WBEJ announcer Dale Fair recalls terrific 1970s Cyclones season

Published 8:48 am Thursday, July 2, 2015

Contributed Photo WBEJ football announcer Dale Fair holds his granddaughters, Kate and Ava Harris.

Contributed Photo
WBEJ football announcer Dale Fair holds his granddaughters, Kate and Ava Harris.


Dale Fair is entering his 34th season calling Elizabethton Cyclones football games on the radio with John Holtsclaw on WBEJ, and while he is quick to name off some of the former great Cyclones, he leaves off one name.
The 2015 Carter County Sports Hall of Fame Inductee rushed for over 3,000 yards during his time on the gridiron for Betsy, which ended after the 1972 season. During his senior year, he was named to the All-Southern team and also earned honorable mention All-American. But with all those accolades, Fair still humbly deflects his acclaim.
“The older you get, the better you were,” Fair said. “I don’t even feel like I deserve to be in it, I played with a great team and some great blockers, but to be inducted is a great honor.”
Fair joins former teammate Danny “Pert” Jenkins who was inducted in 2013, and they were two of nine seniors on the 1972, six of those nine earned Division I football scholarships.
“I may be a little biased — the Witten teams were great — but we had one of the best teams in the history of Elizabethton High School,” Fair said. “We had one of those once-in-a-lifetime teams. The only thing was that Bristol had one of those once-in-a-century teams.”
That Tennessee High team won back-to-back state championships in 1971 and 1972, and they won those games convincingly, with 52-0 and 39-6 victories during their title games. But they had a much tougher time with Elizabethton in 1972.
The Cyclones lost by less than a touchdown and that was the one loss the Cyclones had on their 9-1 record.
“They had instituted the Houston veer, and nobody, not even colleges, knew how to defend it,” Fair said. “They were just great. My senior year they were ranked number one in the nation, and we lost by less than a touchdown and had the ball at the 4-yard line, we just couldn’t score.”
Fair recalls there being 20-plus college scouts at that game, and he also recalls some of his recruiting trips that he took during his senior season. He took trips to Tennessee, Virginia Tech, Georgia Tech, Clemson, Vanderbilt, Florida and he even talked one-one-one with University of Alabama coaching legend Paul “Bear” Bryant.
He recalls his conversation with Bryant, who mumbled almost to the point that Fair couldn’t understand him, but he did remember one thing that the Bear told him.
“He said, ‘I don’t know if you can make the team here, but if you make the team, you are going to play for the national championship,’ ” Fair said.

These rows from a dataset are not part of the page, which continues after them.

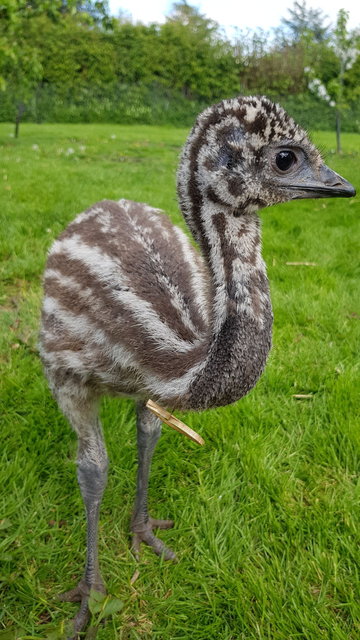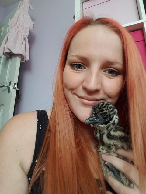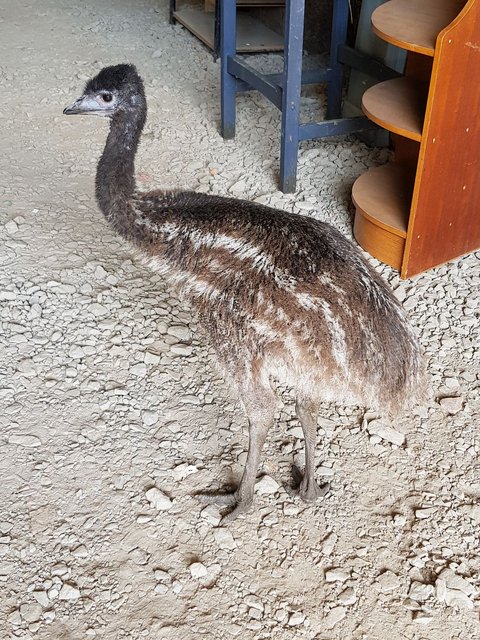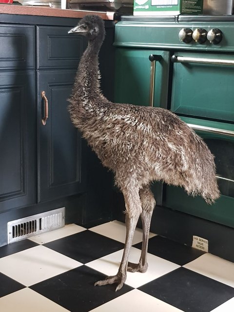 Kuş, yumurtadan çıktıktan yaklaşık 6-7 hafta sonra böyle görünüyordu. Çiftçi aile, giderek büyüyen sevimli canlı ile birlikte seyahat bile etti.
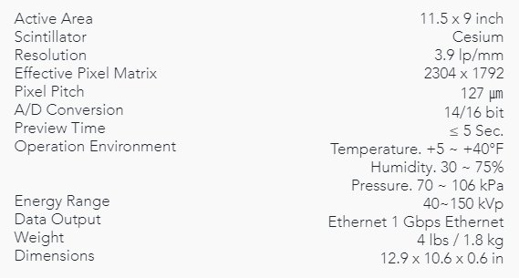 Rayence - Model 1012WCC -Wireless Flat Panel Detector
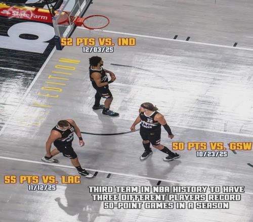 12月4日掘金135-120大胜步行者,穆雷25投19中,三分11中10,罚球5投4中,狂轰52分6篮板4助攻。掘金本赛季已有三人砍下50+(约基奇、戈登和穆雷),NBA史上第三次出现,此前两队是1961-62赛季的湖人和2018-19赛季的勇士。
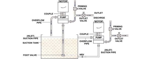 • Close outlet valve and open priming valve, fill the water in priming valve pipe until complete suction pipe fill up and water comes from the overflow pipe.
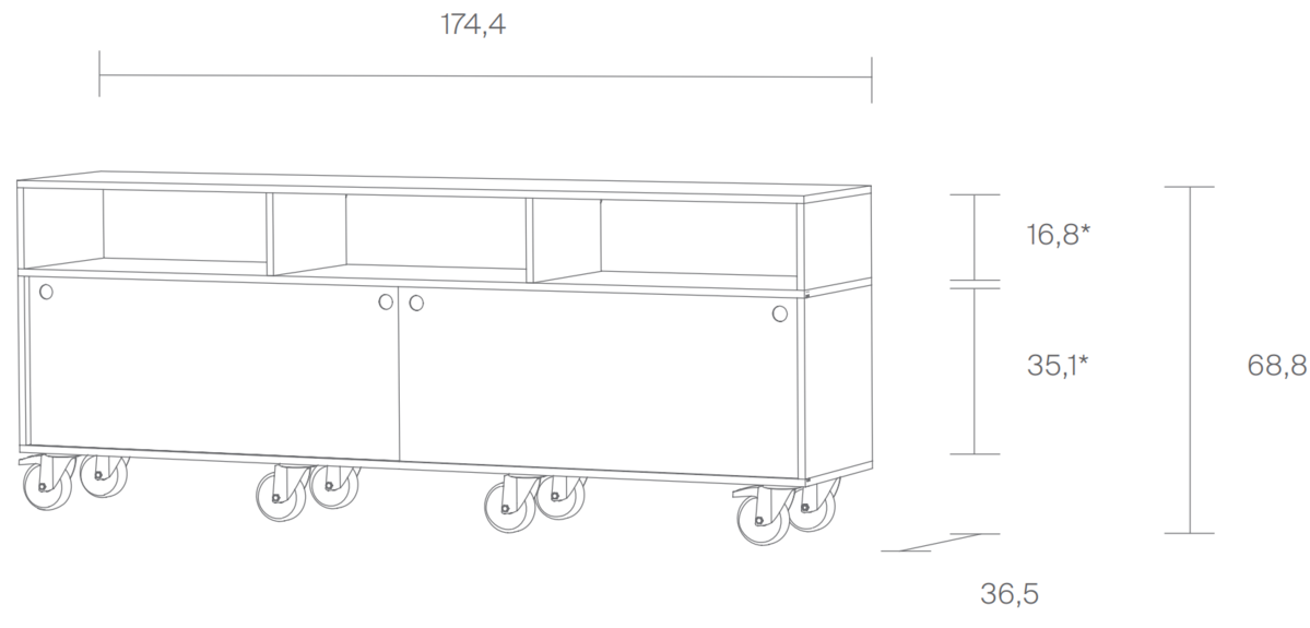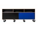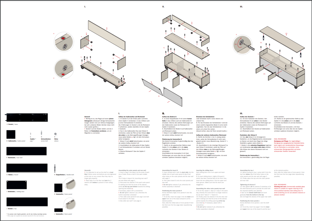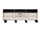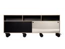 | Material | Korpus: Furniersperrholz Birke Rollen: Kunststoff, Stahlgestell verzinkt Schiebetüren: MDF, lackiert oder Edelstahl, poliert |

Fair decided to continue his career at the University of Tennessee and lined up in the same backfield as Condredge Holloway and Stanley Morgan during the Vols’ 1974 Liberty Bowl Championship season, but a knee injury going into his junior year ended his career.
The proudest thing Fair took from UT was the earning the Academic All-SEC award in 1974.

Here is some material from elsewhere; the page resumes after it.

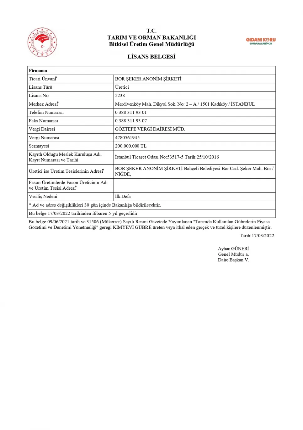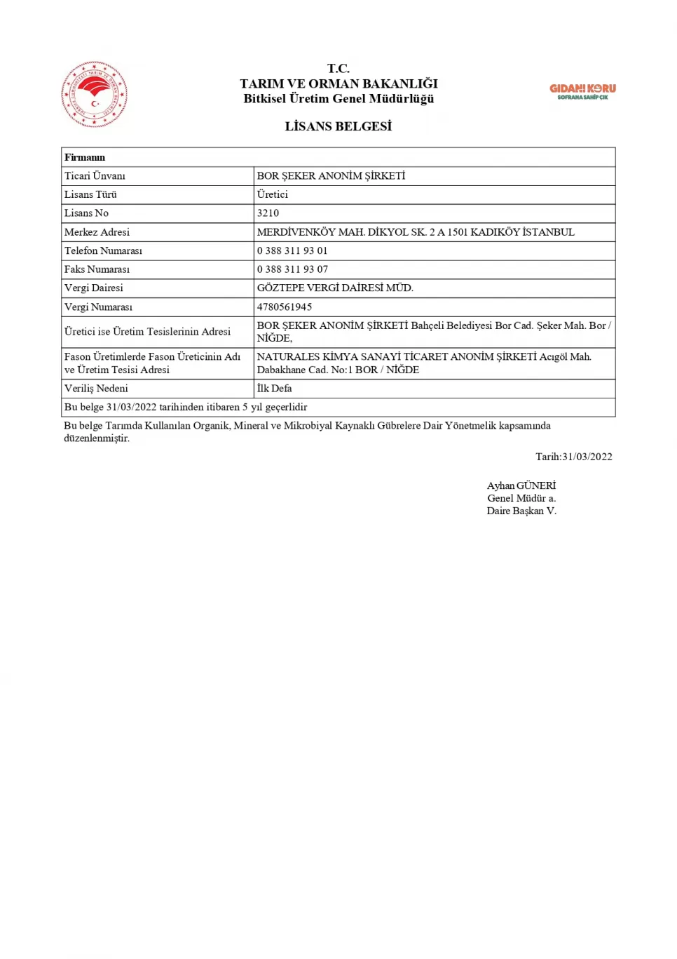 Kimyevi Gübre Lisans Belgesi
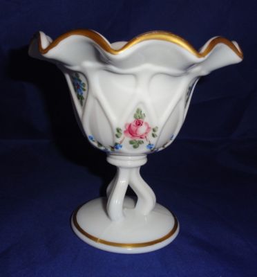 Title (ebay affiliate link): Westmoreland Milk Glass Hand Painted Rose 5" Compote Original Label Excellent

But those are the times that Fair has let go of.
Now he focuses on being an elder at Elizabethton Church of Christ and being a grandfather, father and husband to his family.
“I have to say, sports has to come way down the list,” Fair said. “I enjoyed playing, I enjoy watching, but my first love is my service to the Lord.”

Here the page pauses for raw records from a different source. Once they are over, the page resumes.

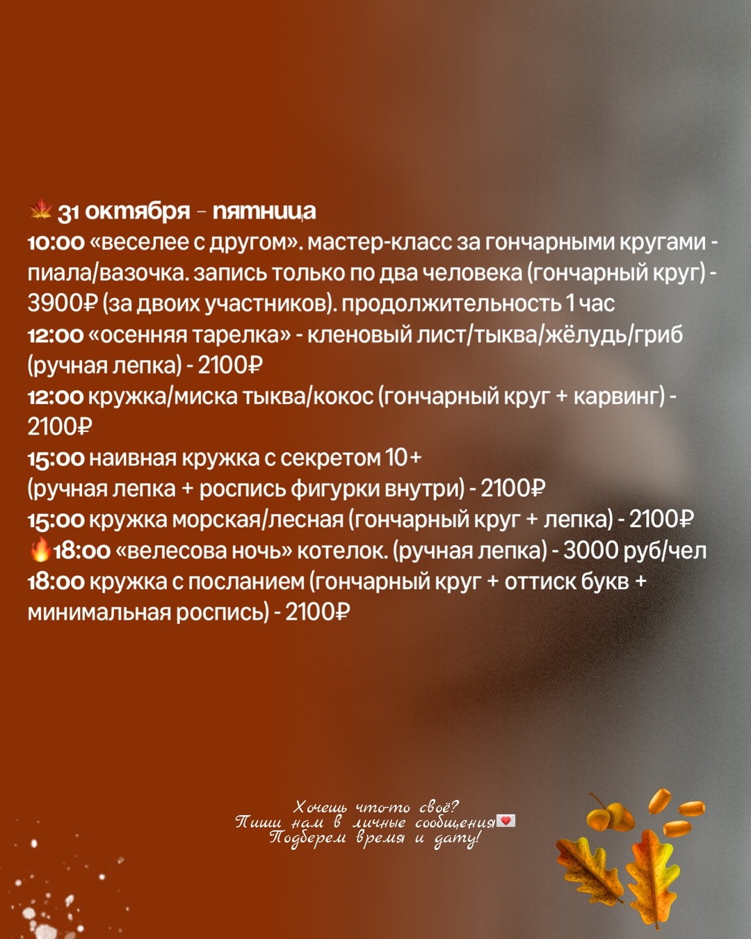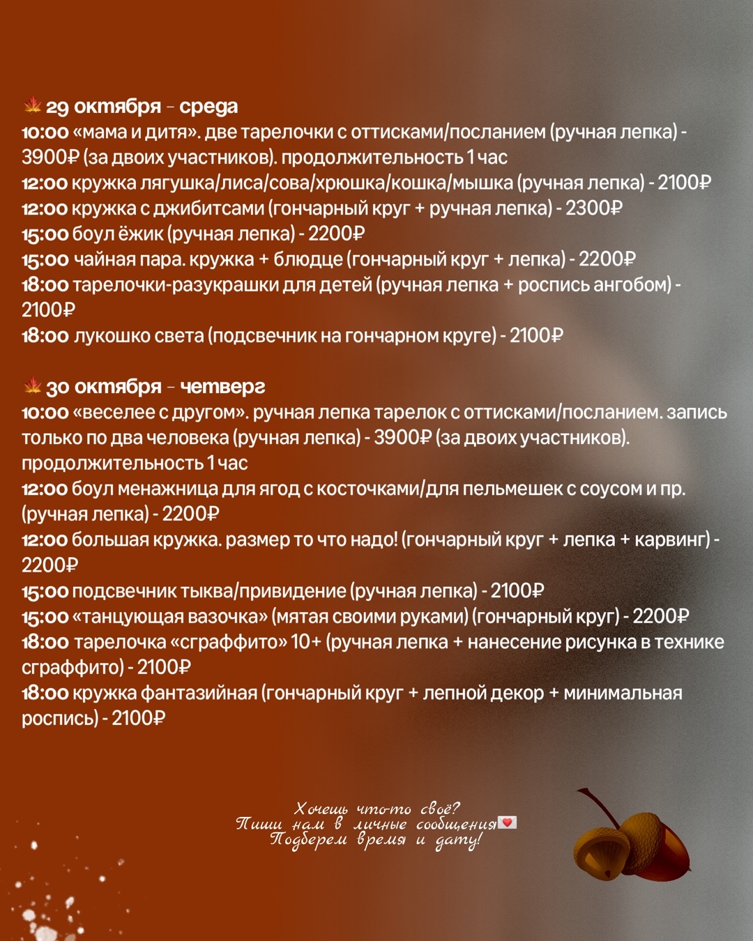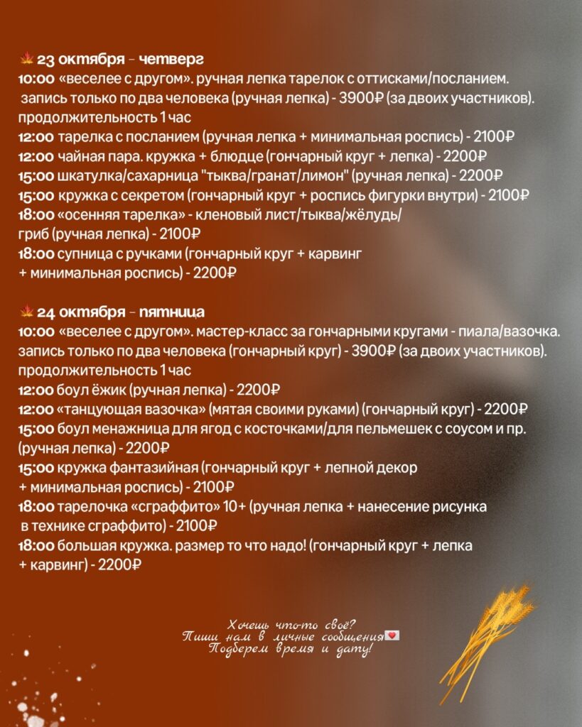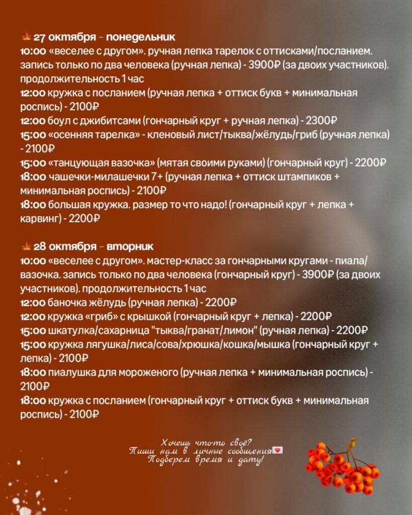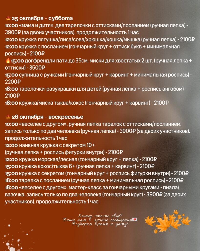 Осень -время творчества и уюта🍂 Выбирайте формат по душе: ▪ лепка кружек, тарелок, вазочек 📌 Важно знать: ✓ Стоимость указана за одного участника 📲 Запись в WhatsApp: +7 (991) 840-11-40 |
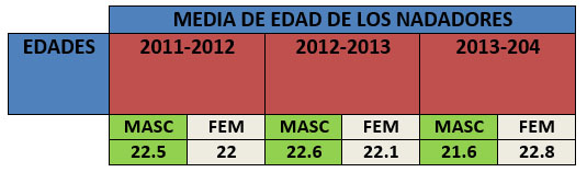 Si nos fijamos por ejemplo en las cifras del último ciclo, observamos como la edad de los chicos ganadores está en su mayoría en la horquilla comprendida entre los 21-23 años. Hasta diez nadadores aparecen en esos márgenes. Cinco tienen menos de veinte y lo otros tres sobrepasan los veinticinco. En cuanto a las chicas, las cantidades están un poco más repartidas. Seis, oscilan entre los 21-23. Cinco, son menores de veinte. Cuatro de ellas se sitúan entre los 23-25 y tres superan esas referencias.
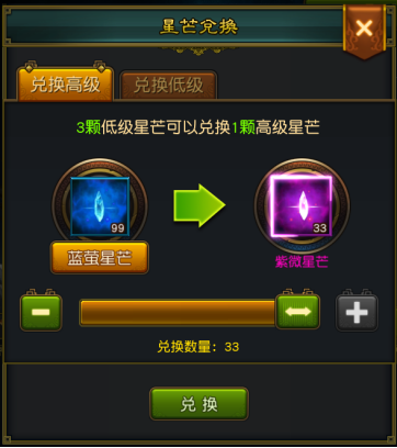 所获得的星芒,可以通过“星芒转换”,通过一定比例将低品质的星芒转换为高品质的星芒。
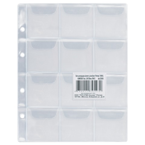 Листы-вкладыши для монет для альбома "Оптима" М9-05, комплект 5 шт., 200х250 мм, 12 карманов, ЛМ-12
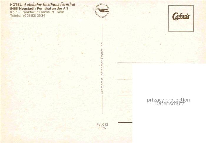 72793245 Fernthal Hotel Autobahn-Raststaette postalisch nicht gelaufen Erhaltung siehe scans [LiesaD40] KatCode: 11110007138044
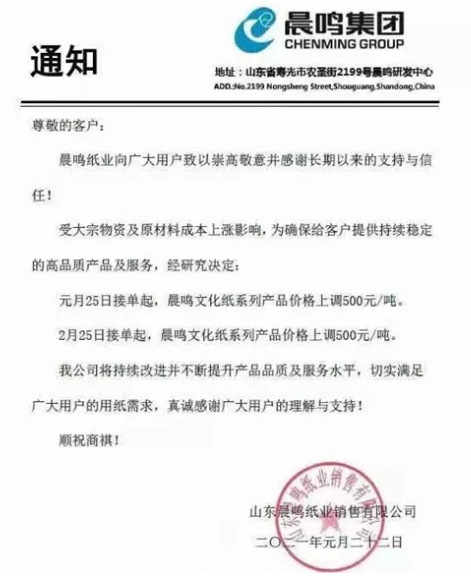 3、山東晨鳴紙業(yè) 受大宗物資及原材料成本上漲影響,為確保給客戶提供持續(xù)穩(wěn)定的高品質(zhì)產(chǎn)品及服務(wù),經(jīng)研究決定: 元月25日接單起,晨鳴文化紙系列產(chǎn)品價(jià)格上調(diào)500元/噸。 2月25日接單起,晨鳴文化紙系列產(chǎn)品價(jià)格上調(diào)500元/噸。

While you will frequently find him at his church, on Friday nights you will be able to tune into the station and hear that familiar voice talking about football, but really just watching a game with his friend.
“I told John I would help him a little bit,” Fair recalls about that day in 1981. “My thing is that I am not known to speak during the ball games, so for me to talk during the entire football games, it is a little odd for my children.”
But Fair has loved the time he has spent in the booth, including the first time he saw a lanky, future hall of fame play in Brown-Childress Stadium.
“I knew the first time I saw Jason (Witten) play as a sophomore that he was going to be good and that he would be playing on Sundays, unless of course an injury happened,” Fair said. “But I didn’t know that he would go to the NFL before his senior season and be a 10-time Pro Bowler.”
But Jason may not have been the best Witten to ever take the field, according to Fair.
“I’ve seen some good players come through here,” Fair said. “Shawn Witten was the best player I’ve seen come through here. He’s the best high school player I’ve seen. He was like Jerry West, when the game was on the line, you either wanted him to be catching it, throwing it or running it.”
Fair, who is currently the President and Chief Executive Officer at Carter County Bank, isn’t sure when his time in the booth will end, but he is sure that it will be sooner than later.
“I enjoy that, but I don’t know how much longer I will do it,” Fair said. “I’ve got some grandsons that are about to start midget football and I’d like to see them play as much as possible.”